We can see that box_cox transformed data tends to cause the forecasts to trend slightly upward as compared to non transformed. Due to the rapid increase in Chinese GDP a Box Cox trended model is likely the best choice.
ch<-global_economy%>%filter(Country=="China")
lambda <- ch %>%
features(GDP, features = guerrero) %>%
pull(lambda_guerrero)
fit<-ch%>%
model(
ANN = ETS(GDP ~ error("A")+trend("N")+season("N")),
AAN = ETS(GDP ~ error("A")+trend("A")+season("N")),
Damped = ETS(GDP ~ error("A") + trend("Ad") + season("N")),
bc_ANN = ETS(box_cox(GDP,lambda) ~ error("A")+trend("N")+season("N")),
bc_AAN = ETS(box_cox(GDP,lambda) ~ error("A")+trend("A")+season("N")),
bc_Damped = ETS(box_cox(GDP,lambda) ~ error("A") + trend("Ad") + season("N"))
)
r<-fit%>%report()
f<-fit%>%forecast(h=10)
f%>%autoplot(ch)+
labs(title = "Forecasts of Chinese GDP",
y = "GDP")
It is obvious that seasonality is needed in some form here due to the fluctuations. Multiplicative seasonality is the preferred method because the range of the seasonal peaks is increasing as time goes on. Adding the Damped function makes the models slightly more accurate with multiplicative_damped being the best model. Interestingly dampening the additive model produces the lowest RMSE but with what we know about the range of seasonality multiplicative models would be more accurate and preferred.
fit <- aus_production %>%
model(
additive = ETS(Gas ~ error("A") + trend("A") +
season("A")),
multiplicative = ETS(Gas ~ error("M") + trend("A") +
season("M")),
additive_damp = ETS(Gas ~ error("A") + trend("Ad") +
season("A")),
multiplicative_damp = ETS(Gas ~ error("M") + trend("Ad") +
season("M"))
)
fc <- fit %>% forecast(h = 15)
fc %>%
autoplot(aus_production, level = NULL) +
labs(title="Australian Gas Production",
y="Gas Production in petajoules") +
guides(colour = guide_legend(title = "Forecast"))
fit%>%accuracy()
## # A tibble: 4 x 10
## .model .type ME RMSE MAE MPE MAPE MASE RMSSE ACF1
## <chr> <chr> <dbl> <dbl> <dbl> <dbl> <dbl> <dbl> <dbl> <dbl>
## 1 additive Traini… 0.00525 4.76 3.35 -4.69 10.9 0.600 0.628 0.0772
## 2 multiplicative Traini… -0.115 4.60 3.02 0.199 4.08 0.542 0.606 -0.0131
## 3 additive_damp Traini… 0.600 4.58 3.16 0.460 7.39 0.566 0.604 0.0660
## 4 multiplicative_… Traini… -0.00439 4.59 3.03 0.326 4.10 0.544 0.606 -0.0217
Multiplicative seasonality is the preferred method because the range of the seasonal peaks is increasing as time goes on.
set.seed(19865)
myseries <- aus_retail %>%
filter(`Series ID` == sample(aus_retail$`Series ID`,1))

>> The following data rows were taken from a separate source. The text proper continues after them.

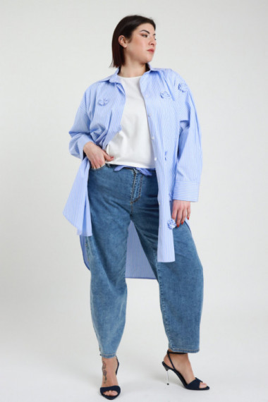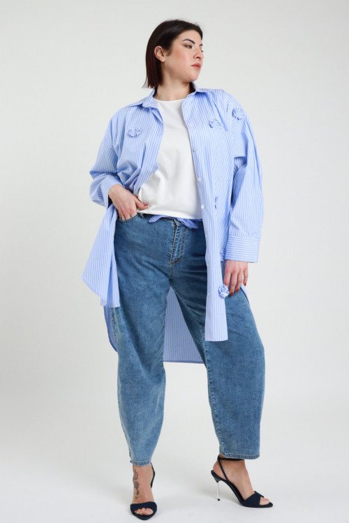 Camicia Over Lunga Gessata con Fiori Applicati - Linea Curvy Susy Star.
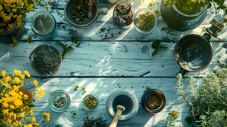 Modern flat lay style showcasing herbal medicine and cosmetic background
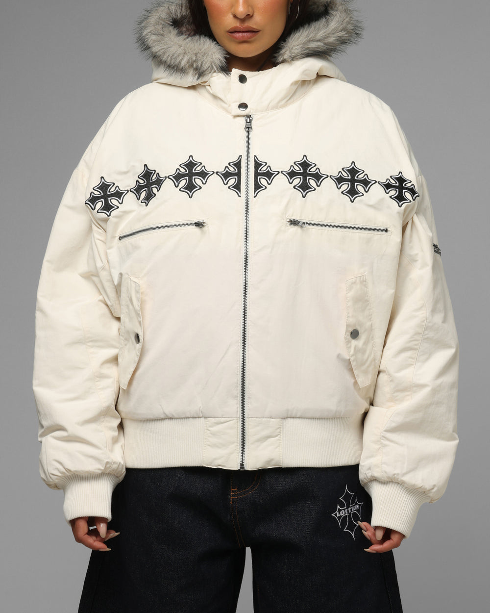 Stay warm while looking fresh and who better to heat up your wardrobe than Loiter! This jacket features embroidered graphics to the chest and faux fur hood lining for a cosy look and feel. Alongside ribbed trims and dropped shoulders for a streetwear vibe and ribbed trims to provide extra warmth. Cop yours today at Culture Kings. - Embroidered graphics - Ribbed trims - Full zip-up close - Dropped shoulders - Dual side pockets - Hood - Faux fur hood lining - Relaxed fit - Color: Off White - Style: LTQ425126
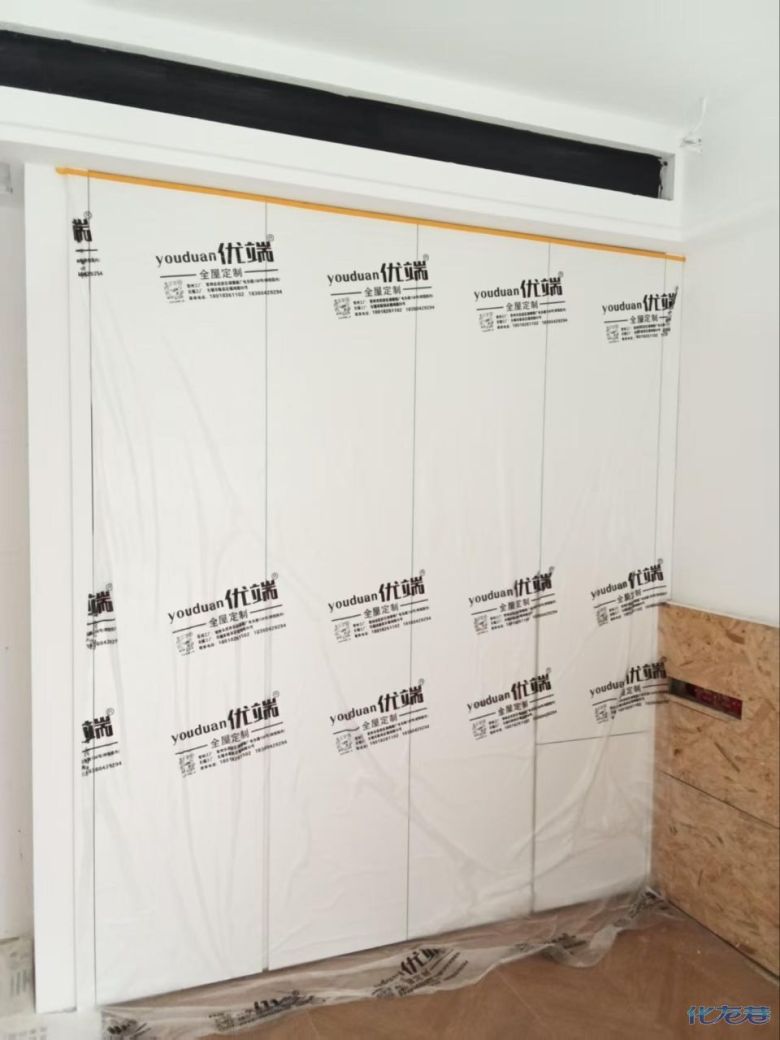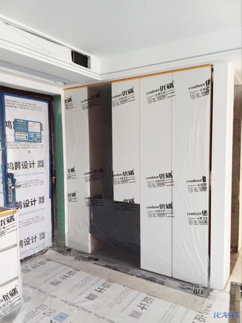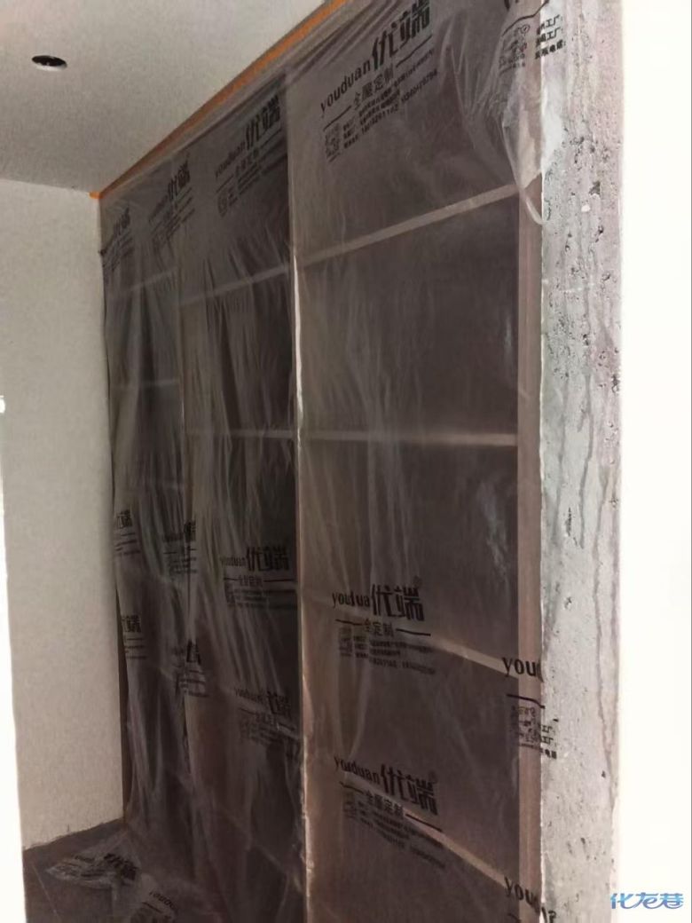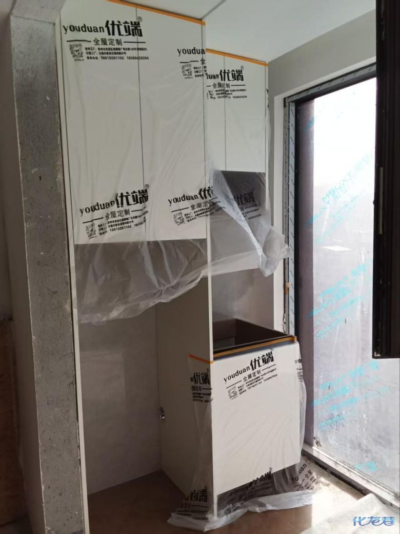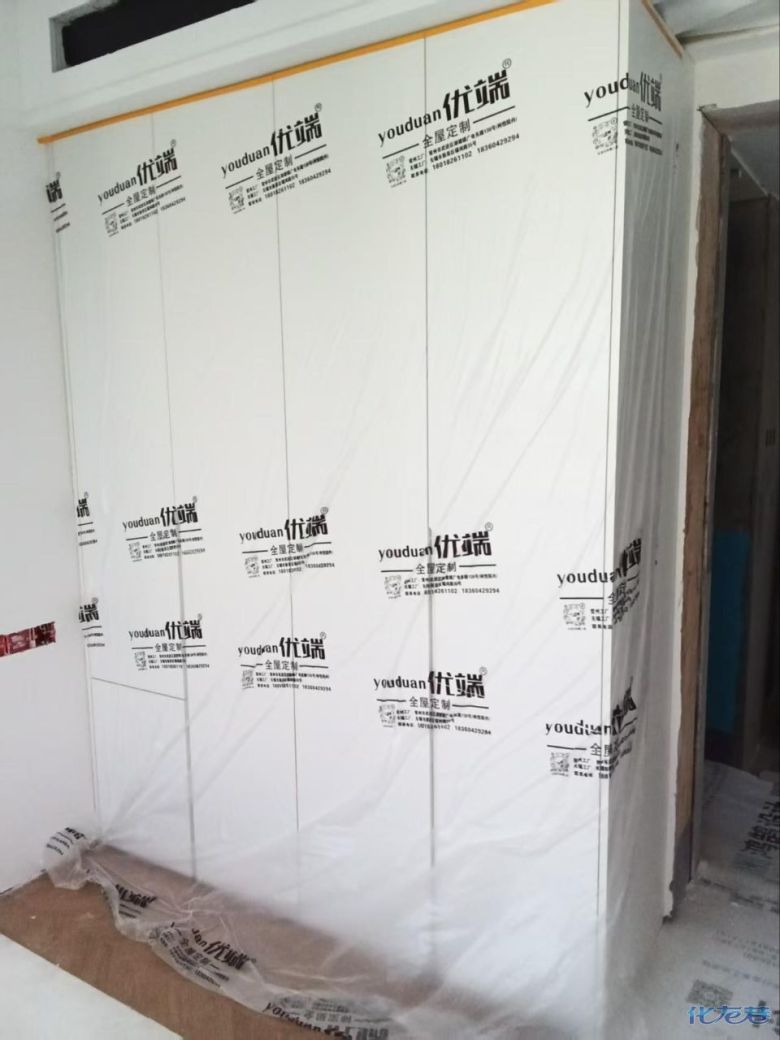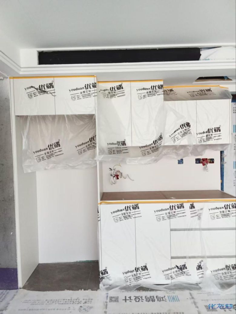安装完成的柜子都用塑料膜保护起来了

autoplot(myseries, Turnover) +
labs(title = "Retail Turnover",
y = "$Million AUD")
fit <- myseries %>%
model(
additive = ETS(Turnover ~ error("A") + trend("A") +
season("A")),
multiplicative = ETS(Turnover ~ error("M") + trend("A") +
season("M")),
additive_damp = ETS(Turnover ~ error("A") + trend("Ad") +
season("A")),
multiplicative_damp = ETS(Turnover ~ error("M") + trend("Ad") +
season("M"))
)
fc <- fit %>% forecast(h = 15)
fc %>%
autoplot(myseries, level = NULL) +
labs(title="Australian Retail Turnover in $Million AUD",
y="$Million AUD") +
guides(colour = guide_legend(title = "Forecast"))
fit%>%accuracy()
## # A tibble: 4 x 12
## State Industry .model .type ME RMSE MAE MPE MAPE MASE RMSSE
## <chr> <chr> <chr> <chr> <dbl> <dbl> <dbl> <dbl> <dbl> <dbl> <dbl>
## 1 South … Other ret… additi… Trai… -0.0871 6.10 4.52 -0.482 3.98 0.546 0.569
## 2 South … Other ret… multip… Trai… 0.152 5.45 3.80 -0.0486 2.82 0.458 0.508
## 3 South … Other ret… additi… Trai… 0.858 6.26 4.65 0.840 4.16 0.561 0.584
## 4 South … Other ret… multip… Trai… 0.482 5.48 3.82 0.325 2.84 0.461 0.511
## # … with 1 more variable: ACF1 <dbl>
THe RMSE is clearly better for the multiplicative models then the additive.
fit <- myseries %>%
model(
multiplicative_damp = ETS(Turnover ~ error("M") + trend("Ad") +
season("M"))
)
fit%>% gg_tsresiduals()
The ACF graph indicates the residuals are not white noise
We can see based on RMSE these models beat the naive approach from chapter 5
train<- myseries%>%filter(year(Month)<=2010)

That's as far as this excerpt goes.